The process is so complex and costly that even hyperscalers can't do it alone. Since the first TPU, Google has partnered with chip developer Broadcom, helping design Meta's AI chips. Broadcom says it has spent more than $3 billion to make the partnership happen.
“AI chips are very complex and have a lot of different features, so Google does the compute,” Rasgon said. “Broadcom does all the peripherals, the I/O, the SerDes, all the different parts that are related to the compute. They also do the packaging.”
The final design is then sent to a manufacturing facility, or fab, to be built — primarily factories owned by Taiwan Semiconductor Manufacturing Co. (TSMC), the world's largest chipmaker, which makes 92% of the world's most advanced semiconductors.
Asked whether Google had any safeguards in place in case of a worst-case scenario in the geopolitical realm between China and Taiwan, Vadat said: “It's certainly something we're preparing for and considering, but hopefully it's not something we actually have to trigger.”
Protecting against these risks is a key reason the White House is doling out $52 billion in CHIPS Act funding to companies building factories in the US, with Intel, TSMC and Samsung getting the lion's share so far.
Processor and Power
Google showed off its new Axion CPU to CNBC.
Mark Ganley
“Now we can bring in the final piece of the puzzle: CPUs,” Vahdat says, “which is why a lot of our internal services run on Axion, including BigQuery, Spanner, and YouTube ads.”
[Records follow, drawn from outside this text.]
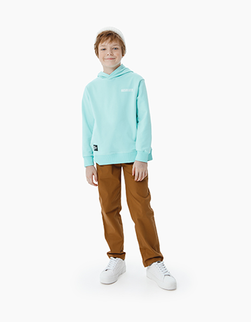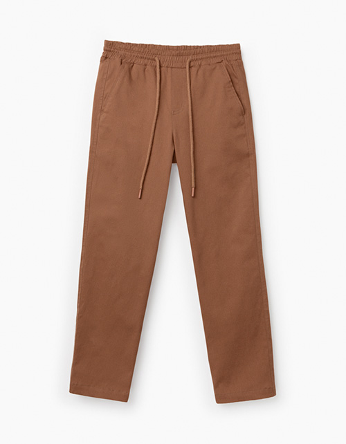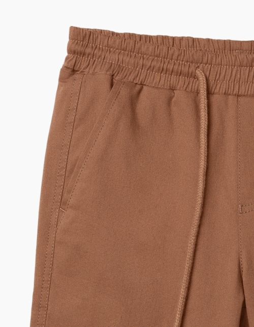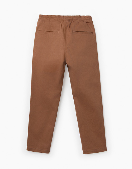 Трендовые брюки из твила природного песочного оттенка для мальчика. Комфортная зауженная модель, со средней посадкой. Изделие на мягком эластичном поясе, с завязками-регулировками объёма. Брюки дополнены карманами-хулиганами спереди и прорезными сзади.
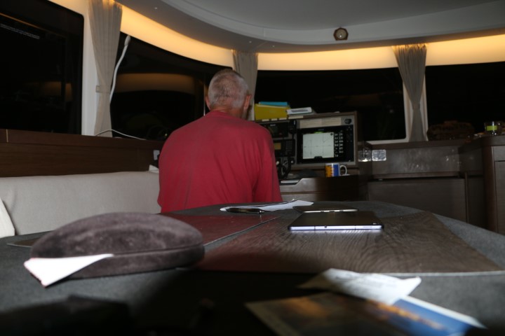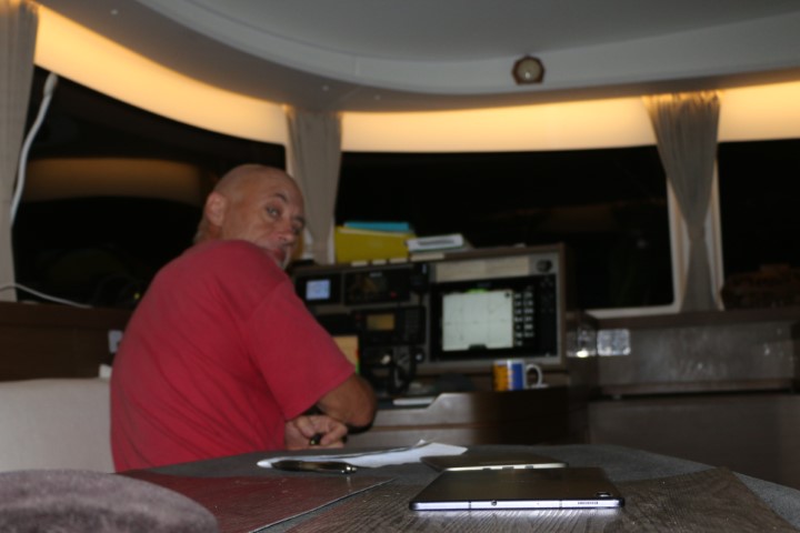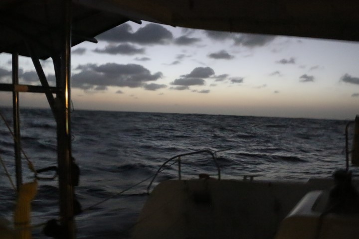 Morgens um halb acht (ist die Welt noch immer in Ordnung!) setze ich den ParaSailor. Damit haben wir mehr Möglichkeiten für den gewünschten Kurs. Mit der Doppelfock geht es nur genau von achtern +/- 30°. Mit dem Para gehen schon fast +/- 90°. Und: Bei dem schwachen Wind steht er ruhiger und zieht mehr! So vergeht der Tag. Abends um halb neun wünscht sich Michèle für ihre Wache die Doppelfock. Ja – es hat etwas aufgefrischt und wir haben in der Spitze 17 kn Wind. Das macht schöne Rausche-Fahrt. Aber sie hat Sorgen, dass es während ihrer Wache mehr werden könnte. Also nehmen wir den Para runter und setzen die Fock. (Nebenbei: Die Geschichte geht morgen nahtlos weiter….)
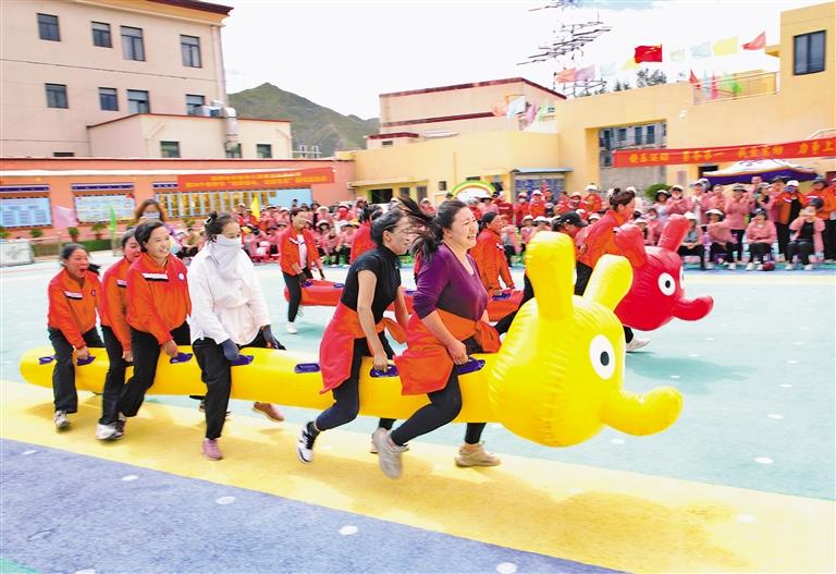 圖為氣氛熱烈的趣味運(yùn)動(dòng)會(huì)現(xiàn)場(chǎng)。記者 央金 攝

Google is late to the CPU game: Amazon released its Graviton processors in 2018, Alibaba released its server chips in 2021, and Microsoft announced its CPUs in November.
When asked why Google didn't build a CPU sooner, Vahdat replied: “We've always focused on areas where we can provide the most value to our customers, and that started with the TPU, the video coding unit and networking. We really thought the time was right.”
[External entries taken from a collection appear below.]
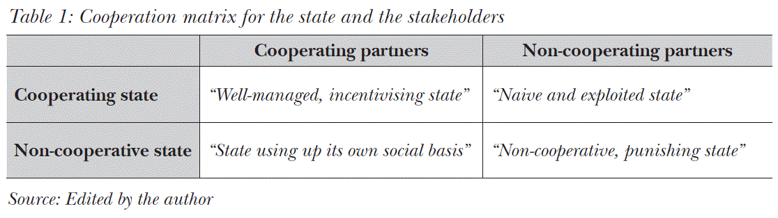 1) cooperative state with cooperating stakeholders: this is the well managed state, with mutual cooperation between the government and the stakeholders (to give an example from the field of taxation: the government levies low taxes and taxpayers have high tax awareness and propensity to pay taxes);
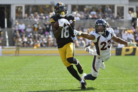- Pittsburgh Steelers wide receiver Diontae Johnson (18) hauls in a pass from quarterback Ben Roethlisberger with Denver Broncos cornerback Kyle Fuller (23) defending. Johnson took the ball in for a touchdown. AP photo
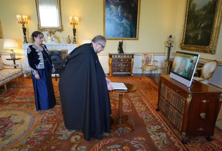 وجاء في تغريدة للديوان الملكي البريطاني على صفحته الرسمية عبر تويتر “استقبلت الملكة إليزابيث سفير الجزائر لدى المملكة المتحدة، عبر فيديو مباشر من قلعة وندسور إلى قصر باكنغهام”.
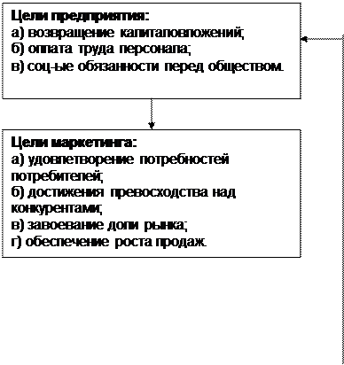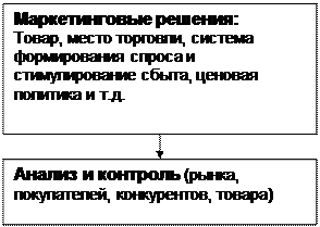 Рис. 1. Схема маркетинговой деятельности предприятия. 2. Анализ потребителей, как реальных, так и потенциальных. Данный анализ заключается в исследовании демографических, экономических, социальных, географических и иных характеристик людей, принимающих решение о покупке, а также их потребностей в широком смысле этого понятия и процессов приобретения ими как нашего, так и конкурирующих товаров; 3. Изучение существующих и планирование будущих товаров, то есть разработка концепций создания новых товаров и/или модернизации старых, включая их ассортимент и параметрические ряды, упаковку и т. д. Устаревшие, не дающие расчетной прибыли товары снимаются с производства и рынка. 4. Планирование товародвижения и сбыта, включая создание, при необходимости, соответствующих собственных сбытовых сетей со складами и магазинами и/или агентских сетей; 5. Обеспечение формирования спроса и стимулирование сбыта (ФОССТИС) путем комбинации рекламы, личной продажи, некоммерческих престижных мероприятий и разного рода материальных стимулов, направленных на покупателей, агентов и конкретных продавцов; 6. Обеспечение ценовой политики, заключающейся в планировании систем и уровней цен на поставляемые товары, определении “технологии” использования цен, кредитов, скидок и т. п. 7. Удовлетворение технических и социальных норм региона, в котором сбывается продукция, что означает обязанность обеспечить должную безопасность использования товара и защиты окружающей среды. 8. Управление маркетинговой деятельностью (маркетингом) как системой, то есть планирование, выполнение и контроль маркетинговой программы и индивидуальных обязанностей каждого участника работы предприятия, оценка рисков и прибылей, эффективности маркетинговых решений. 1.2. Цели и функции маркетинга. Вероятное и уже происходящее регулирование маркетинга во всемирном масштабе наводит на самый существенный вопрос: какова же истинная цель системы маркетинга? Предлагается четыре альтернативных варианта ответа: Достижение максимально возможного высокого потребления; достижение максимальной потребительской удовлетворенности; представление максимально широкого выбора; максимальное повышение качества жизни. Достижение максимально возможного высокого потребления. Многие руководители делового мира считают, что цель маркетинга - облегчать и стимулировать максимально высокое потребление, которое в свою очередь создает условия для максимального роста производства, занятости и богатства. За всем этим кроется утверждение, что, чем больше люди покупают и потребляют, тем счастливее они становятся. "Чем больше - тем лучше" - так звучит этот боевой клич. Однако некоторые сомневаются в том, что возросшая масса материальных благ несет с собой и больше счастья. Их кредо: "Чем меньше - тем больше" и "немного - это здорово". Достижение максимальной потребительской удовлетворенности. Согласно этой точке зрения, цель системы маркетинга - достижение максимальной потребительской удовлетворенности, а не максимально возможного уровня потребления. Потребление большого количества жевательной резинки или владение более обширным гардеробом что-то значит только в том случае, если ведет в конечном итоге к более полной потребительской удовлетворенности. Выявление потребностей – одна из ключевых цел

These processors, made by non-chip makers including Google, are all powered by the Arm chip architecture. Arm is gaining popularity as a more customizable, power-efficient alternative to traditional x86 models from Intel and AMD. Power efficiency is important because by 2027, AI servers are projected to consume as much electricity annually as a country like Argentina. Google's latest environmental report found that emissions increased nearly 50% between 2019 and 2023, driven in part by the proliferation of data centers to power AI.
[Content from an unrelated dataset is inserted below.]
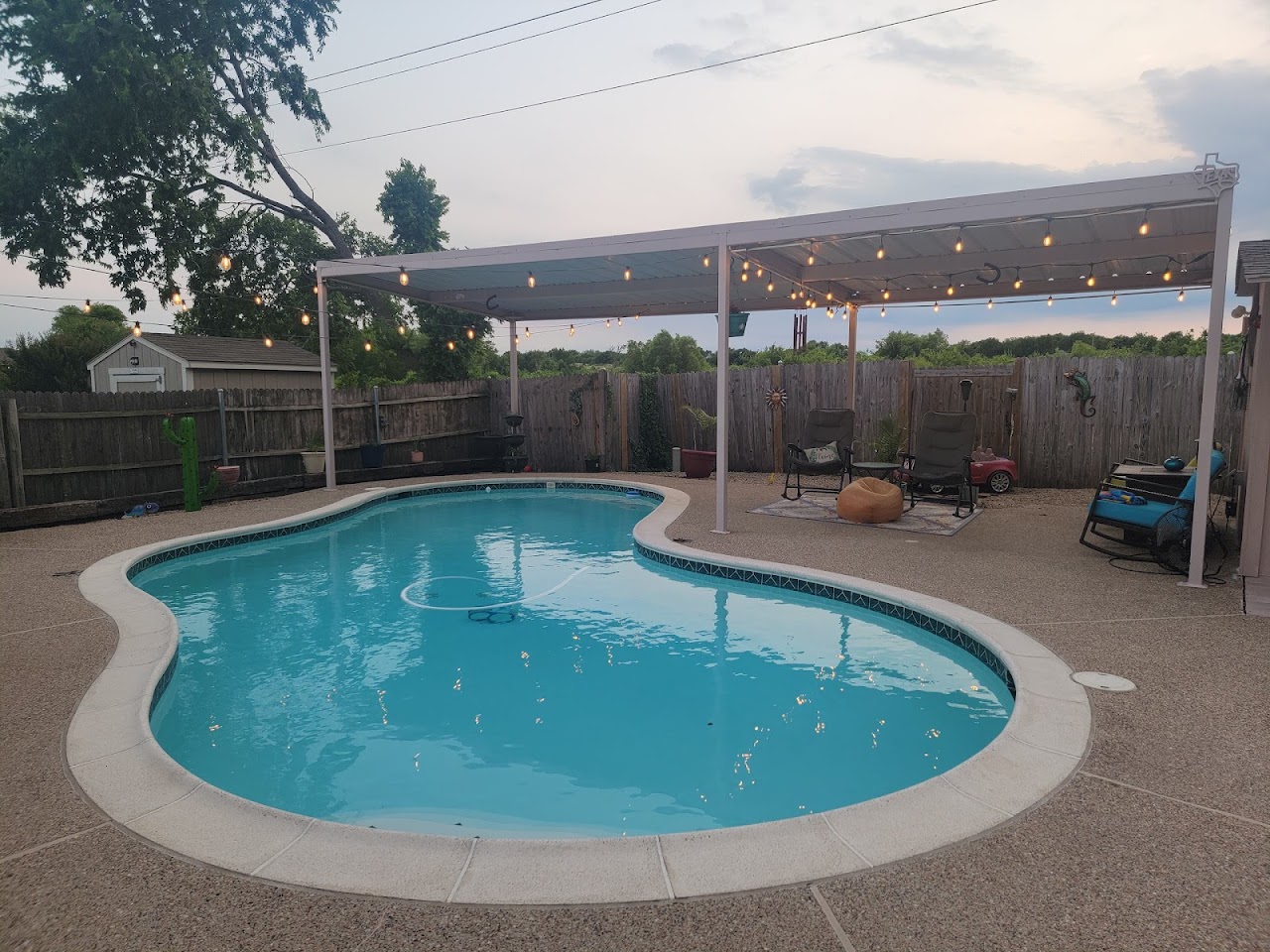 Swimply - The Spot Pool Rental, located at 1320 Gold Dust Ln, Saginaw, TX 76131, USA, offers a private backyard oasis available for hourly rental. This venue typically includes a range of amenities such as a heated main pool, a hot tub, a kiddie pool area, a diving board, a grill, a fire pit, Bluetooth speakers, and various shaded and sun loungers for a comfortable and private experience.
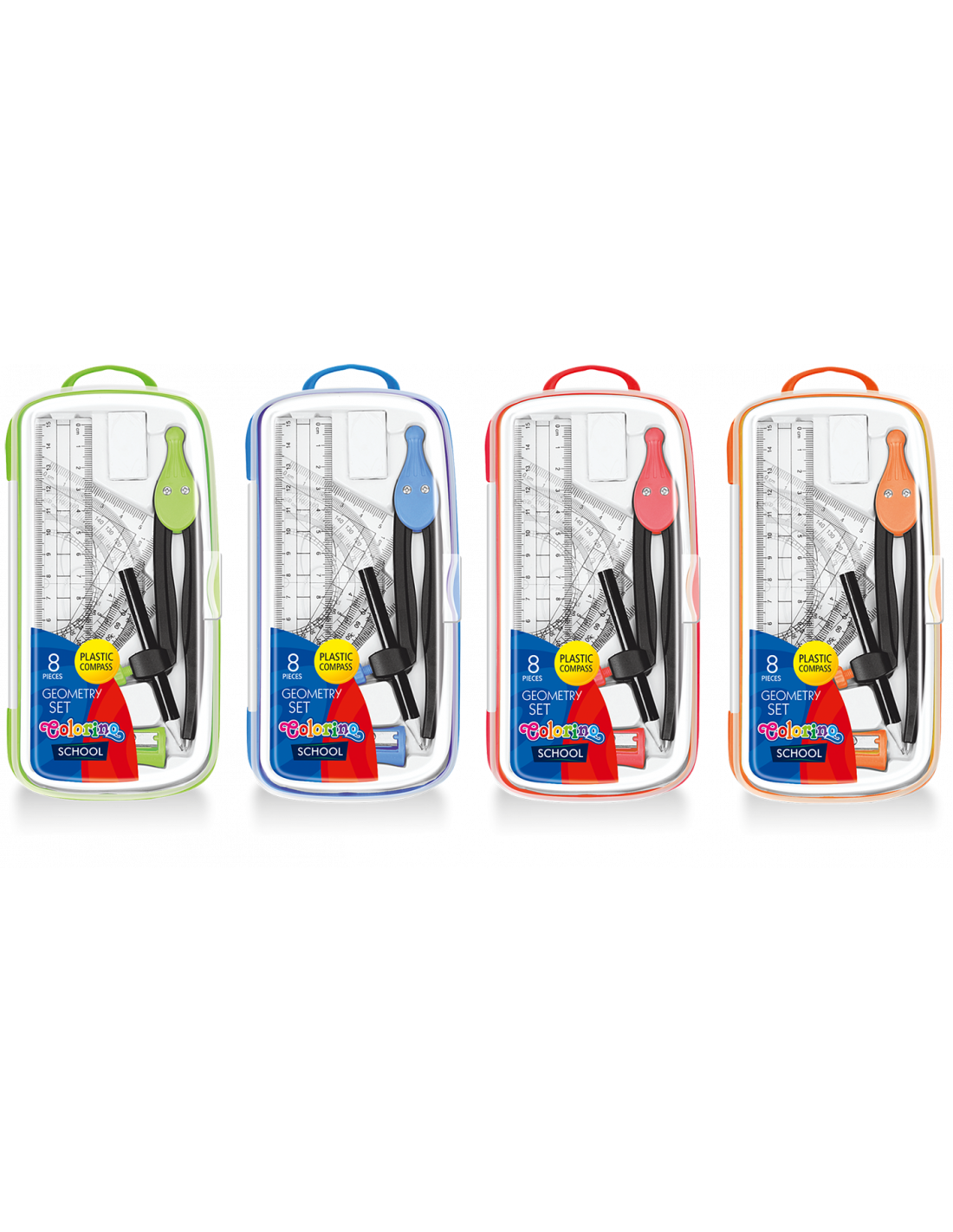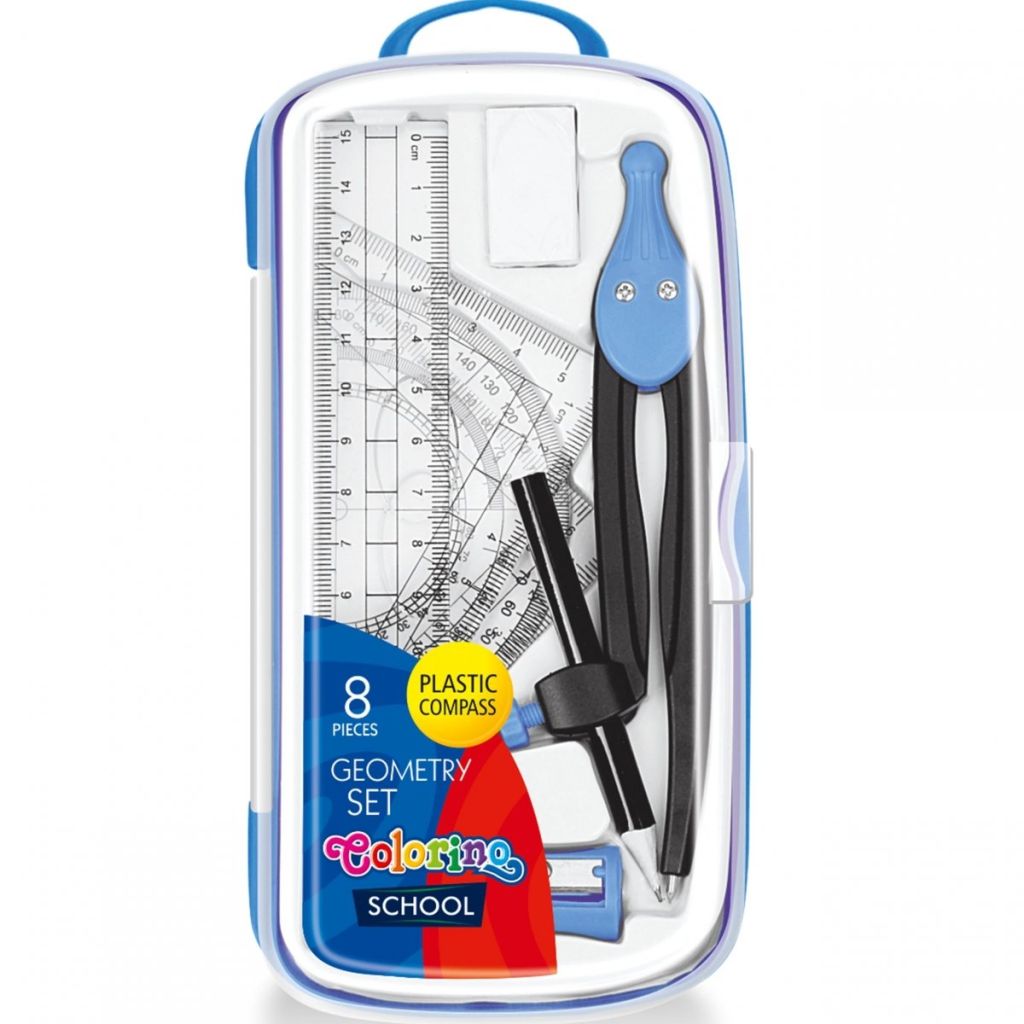 Набор для черчения от бренда Colorino отлично подойдет для занятий дома и в школе. В набор входит универсальный циркуль «козья ножка» с чернографитным карандашом, линейка, угольник, транспортир, ластик и точилка. Поставляется в компактном пластиковом футляре. Цвет товара представлен без возможности выбора цвета, он будет случайным.

“Without the efficiency of these chips, the numbers could be completely different,” Vadat said. “We will continue to work to reduce the carbon footprint of our infrastructure 24/7, 365 days a year, and move closer to zero.”
Cooling the servers that train and run AI requires vast amounts of water, so Google's third-generation TPUs use direct-to-chip cooling that uses much less water, which is also how Nvidia cools its latest Blackwell GPUs.
Despite challenges ranging from geopolitics to power and water, Google is focusing on generative AI tools and manufacturing its own chips.
“We've never seen anything like this before, and it's not showing any signs of slowing down yet,” Vadat said. “That's where hardware is going to play a really important role.”